EXERCISE: Can you print the data exactly and leave out each image?

Items from a dataset

☆ ☆ ☆ ☆ ☆

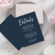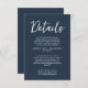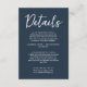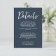 Information om mörk blått gästinformation för bröllop som är enkel och snyggt. Med marin blå bakgrund och vit textlayout. All information är anpassade som webbplats, transport, logi. Ta den tillsammans med andra produkter från den här klassens hand som gjorde bröllop svit.
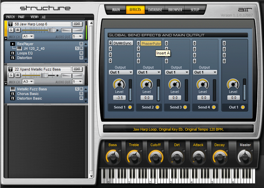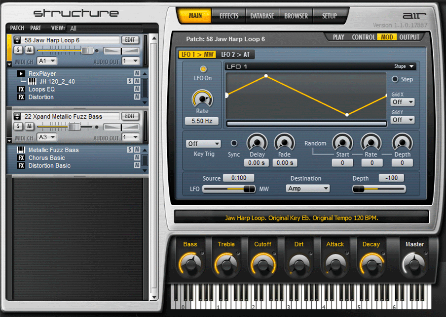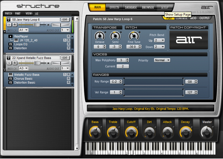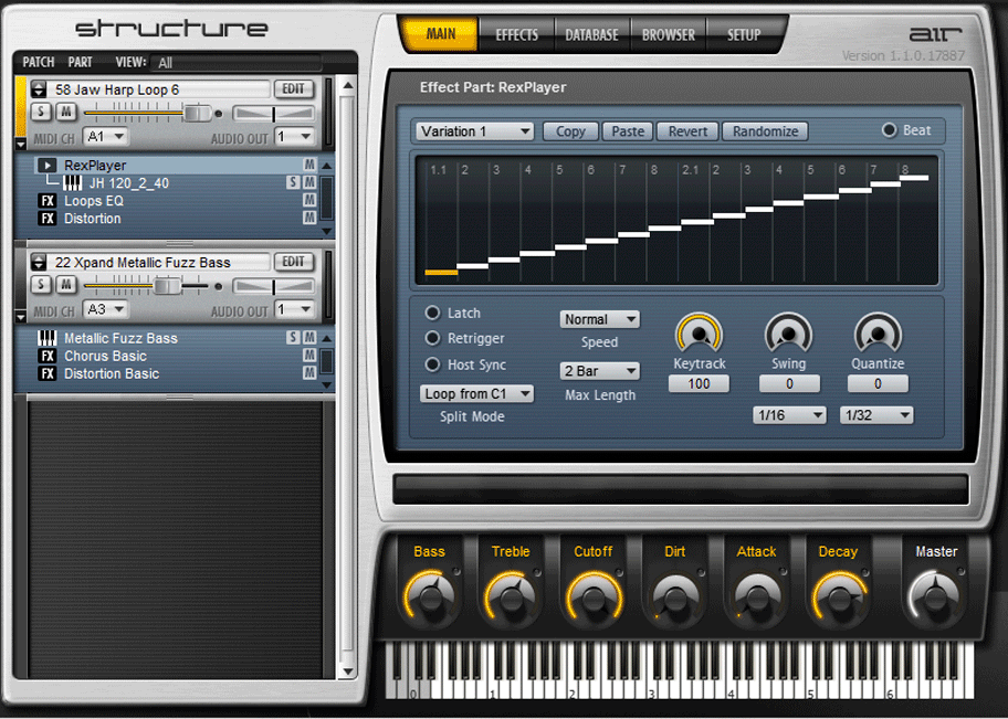 Structure er et multitimbralt instrument med et innebygd samplebibliotek og redigeringsverktøy som gjør det mulig å kombinere, lagre og redigere dine samples.
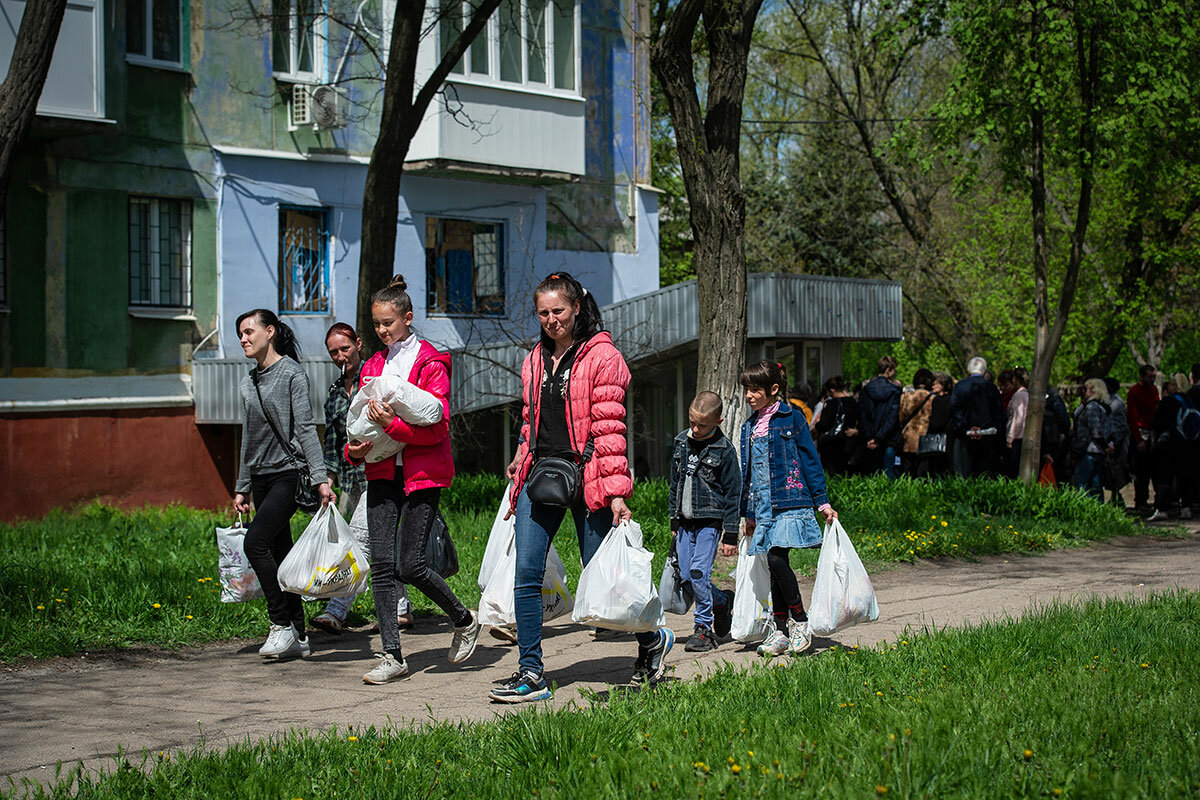 The rising tide of uncertainty is raising levels of fear. At a food distribution in Kramatorsk, for example, where dozens of people wait outside an apartment block to receive potatoes, tinned food, and other staples from a church charity, a woman in a blue puffer jacket sidles up to a visitor with a camera and asks that photos not be taken.
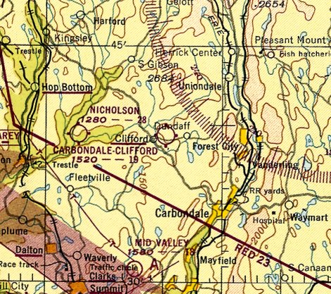 The directory depicted Scranton Airport as having two 2,500' grass runways, and a single hangar on the east side of the field.
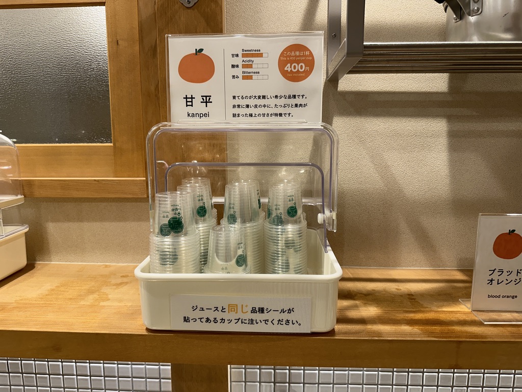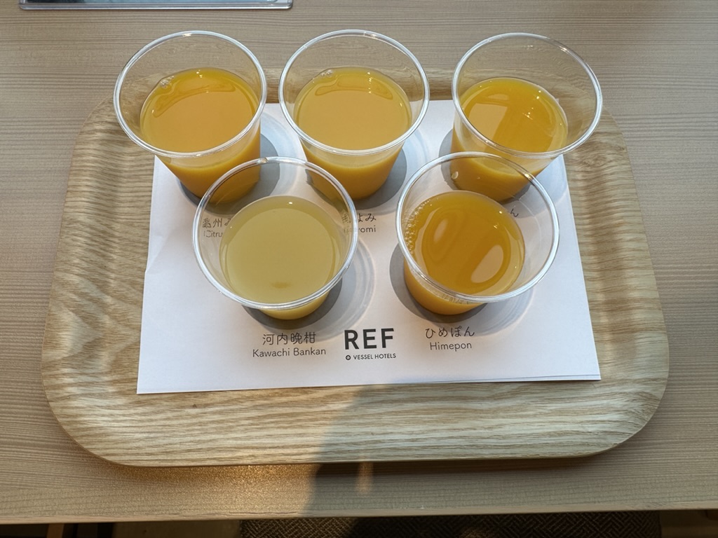 季節によって、並ぶみかんの種類は違うと思いますが、5種類のみかんジュースを飲み比べできました♫

☆ ☆ ☆ ☆ ☆

TASK RESULT:
 Information om mörk blått gästinformation för bröllop som är enkel och snyggt. Med marin blå bakgrund och vit textlayout. All information är anpassade som webbplats, transport, logi. Ta den tillsammans med andra produkter från den här klassens hand som gjorde bröllop svit.
 Structure er et multitimbralt instrument med et innebygd samplebibliotek og redigeringsverktøy som gjør det mulig å kombinere, lagre og redigere dine samples.
 The rising tide of uncertainty is raising levels of fear. At a food distribution in Kramatorsk, for example, where dozens of people wait outside an apartment block to receive potatoes, tinned food, and other staples from a church charity, a woman in a blue puffer jacket sidles up to a visitor with a camera and asks that photos not be taken.
 The directory depicted Scranton Airport as having two 2,500' grass runways, and a single hangar on the east side of the field.
 季節によって、並ぶみかんの種類は違うと思いますが、5種類のみかんジュースを飲み比べできました♫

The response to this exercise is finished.